Thompson moved down the road to Washington, DC from 1958-1961 and called Washington Senators’ games with Bob Wolff on WWDC-AM, but returned to Baltimore in 1962 to become the full-time #1 man on the Orioles’ radio (and some TV appearances). Throughout that period the O’s were heard on WBAL-AM (1962-78), WFBR-AM (1979-82), and again on WBAL from 1983 onward. Throughout that period Thompson was paired primarily with Bill O’Donnell, and the pair called Oriole games together for a span of 17 years. On the football side, Thompson called games with Vince Bagli, and in 1958 it was Thompson’s voice that everyone remembered on NBC yelling “The Colts are the World Champions!” as Allan Ameche crossed the goal line to beat the Giants.
Thompson retired in 1987, however he came out of retirment in 1991 to call games part-time when needed. Chuck Thompson “was” the Orioles; as the players came and went over the years, there was Thompson still calling the games. I’m not sure that the game is quite the same anymore due to big television contracts, advertising dollars, etc. In Thompson’s heyday it was easy for people to associate summertime with that one voice because the games weren’t televised as often if at all. Not to mention that many more of the games were under the blonde Baltimore sunshine as opposed to only the Sunday afternoon matinee or token weekday afternoon game now. Kids grew up listening to Thompson calling the games, just as I did years later at my grandparents’ house.

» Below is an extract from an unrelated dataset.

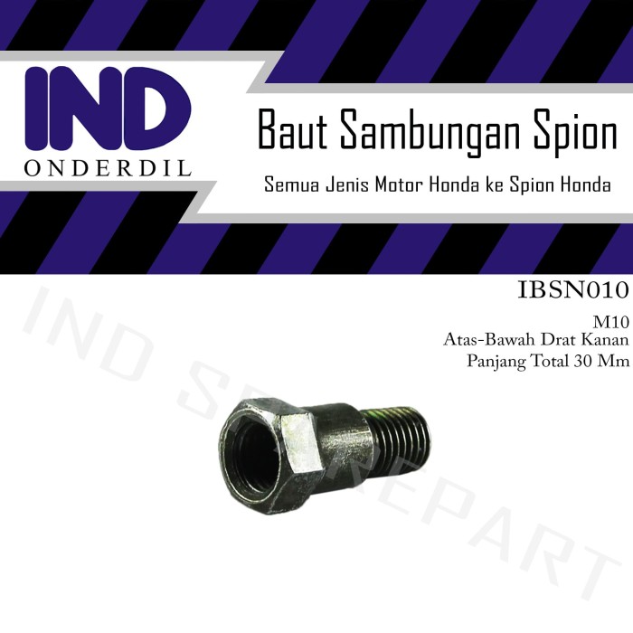 BAUT SAMBUNGAN-PENINGGI SPION M10 PANJANG ULIR 14 ALL HONDA SUPRA/BEAT

Chuck Thompson retired in 2000 for good after macular degeneration caused him to in essence go blind. In 1993 he had received the Ford C. Frick Award from the MLB Hall of Fame, and had been named Maryland Sportscaster of the year on numerous occasions. I remember in October of 1996 when I was a sophmore in high school; the Orioles were to play the Cleveland Indians in the wild card round of the playoffs, and the first few games were weekday matinees. I had biology right after lunch, however I was able to run the wire of my earpecs from a small AM/FM receiver up the back of my shirt so I could listen to Thompson calling the action. (A far cry from my 1980’s walkman with big headphones!) I repeated the same stunt the next year when the O’s drew a similar schedule in the playoffs.

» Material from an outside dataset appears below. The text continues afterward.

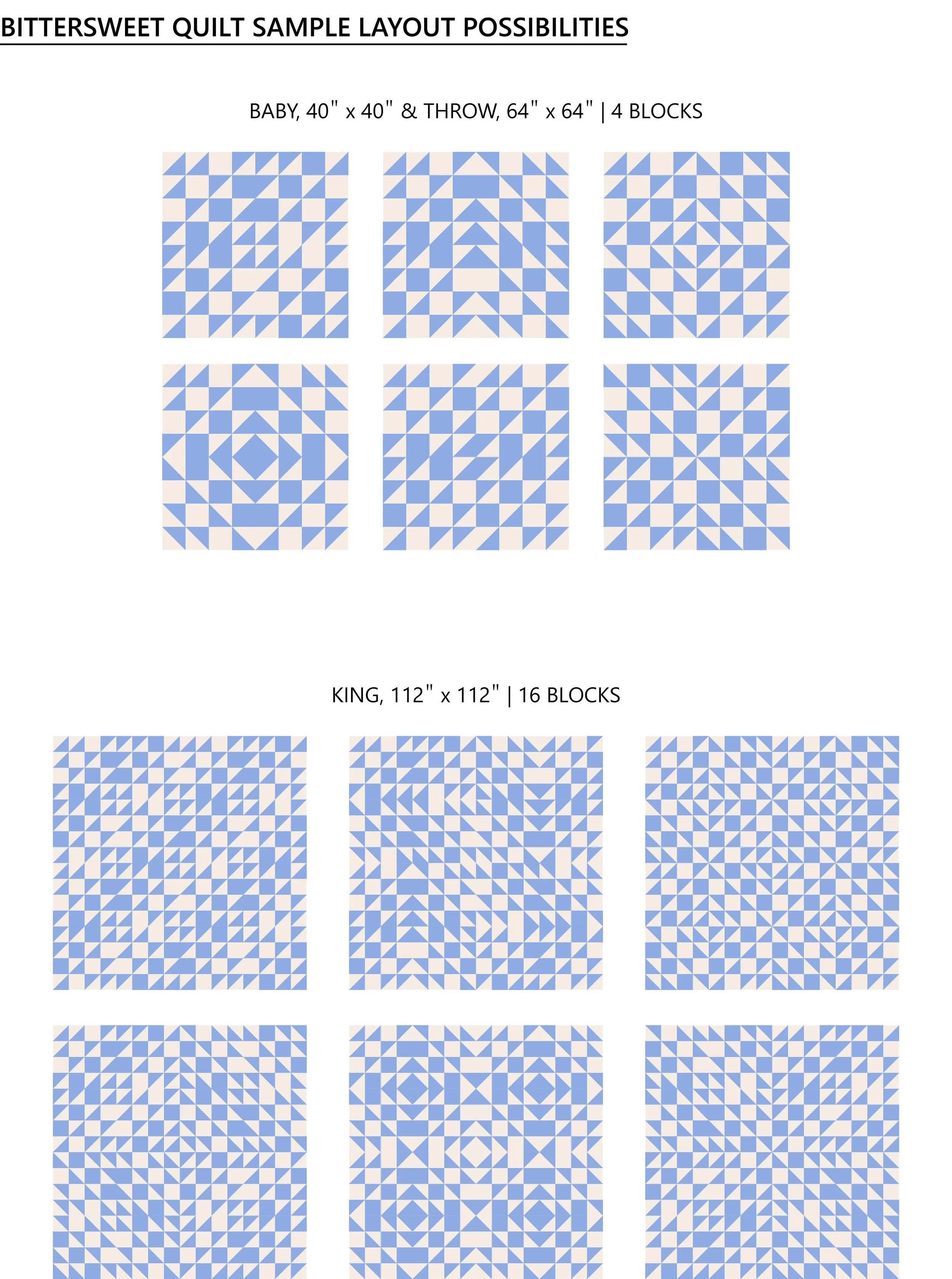 The Bittersweet quilt is inspired by the idea that all aspects of existence contain both yin (passive) and yang (active) energies, and that true balance comes from the dynamic interaction and harmony of these opposites, not the dominance of one over the other. The Bittersweet quilt block, with its diagonal symmetry of mirrored negatives, symbolizes the importance of embracing both the light and dark in life.

Chuck Thompson represented much more than just the summertime and the Orioles, he represented an entire city and the good times that were associated with it. Thompson passed on in March of 2005, only five short years after retiring for the final time. However his golden voice and the games associated with it will never go quiet so long as the best fans in baseball – Oriole fans – remember him. I thought of Thompson last year when I heard that 2011 would mark the return of the iconic National Bohemian beer to Oriole home games. Chuck Thompson may be gone, but he’ll never be forgotten. And for the record, the beer’s still cold in Baltimore!